One hour after polls closed on Election Day, August 19, Byron Mallott was returning home to Juneau from Sitka, where he spent the day campaigning.
He emerged from his flight the Democratic nominee for Alaska governor. Voters narrowed their political parties’ choices from seven candidates to three: Republican Sean Parnell, the incumbent; Libertarian Carolyn Clift, a retired public school teacher; and Mallott. Also on the November 4 ballot is Bill Walker, Independent.
With 435 of 441 precincts counted on Election Night, Mallott received 34,569 of the 51,714 ballots cast for Democratic or Libertarian candidates for governor (Alaska puts Democrats and Libertarians on the same primary ballot); Parnell received 65,267 of 86,403 votes cast for Republican candidates for governor.
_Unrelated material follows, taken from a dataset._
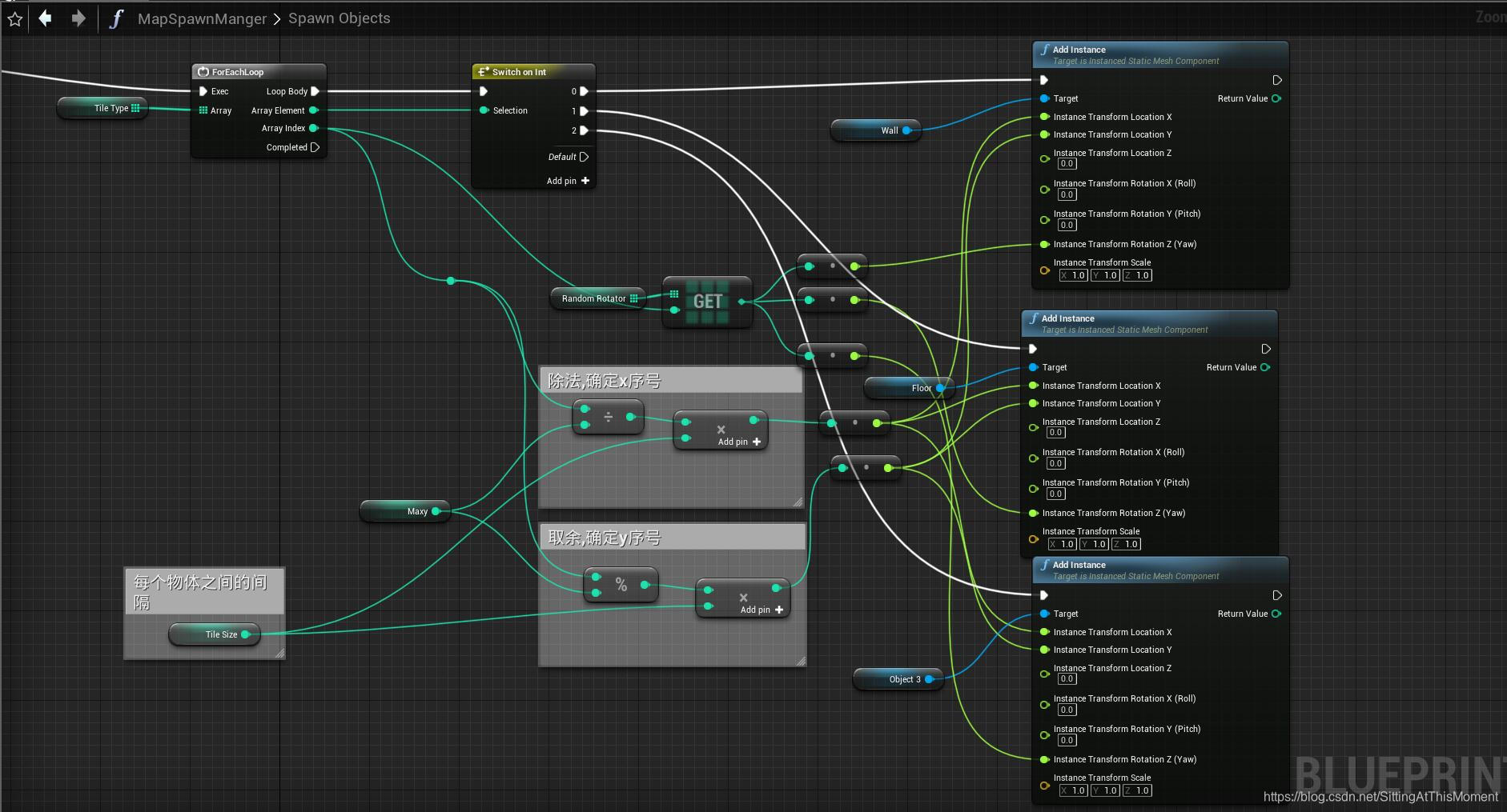 由GM传过来的随机类型和随机旋转。然后用EachLoop遍历所有对象,由于之前随机存进去了不同的数值,这里switch的时候就能产生物体序列随机的效果,旋转也是。后面用到了StaticInstance,这个是专门对重复静态网格做优化的类,测试中5000个以内的物体基本上是秒生成。

Election night, the Mallott and Walker camps were making clear the differences between their candidates. Those distinctions are going to be important; Walker’s Independent candidacy will split the vote in either his favor or Mallott’s.
Mallott and Walker want to diversify Alaska’s oil-dependent economy. Both support expanding Medicaid coverage rather than participating in a federally-managed health care exchange. Both oppose the Pebble Mine, although Walker opposes it if it’s proven, in running mate Craig Fleener’s words, it “would have a detrimental impact on our natural habitat.” Both support writing an alternative to Senate Bill 21, which cut certain taxes and created incentives for oil producers to encourage more investment and production; however, oil production is declining, as are the state’s related revenues. A repeal of SB 21 was on the primary ballot but was too close to call Election Night.
The differences between the candidates? Laury Roberts Scandling, communications director of Mallott for Governor, said Mallott is the “only true moderate” in the campaign, with unmatched experience in business and government.
“There is no one who knows Alaska better than Byron Mallott. He has decades of experience in for-profit and non-profit, and he has a true understanding of rural Alaska and its wonders and challenges,” Scandling said. “He’s a good listener, he brings people together. He believes there’s always a consensus and that you need to find it.”
Mallott, Tlingit, would be the first Alaska Native to serve as the state’s governor. He is a former mayor of Yakutat and Juneau, and served as commissioner of the Alaska Department of Community and Regional Affairs; co-chairman of the state Commission on Rural Governance and Empowerment; chairman of the Nature Conservancy of Alaska; CEO, chairman and director of Sealaska Corporation; and as a director of several banks, including the Federal Reserve Bank.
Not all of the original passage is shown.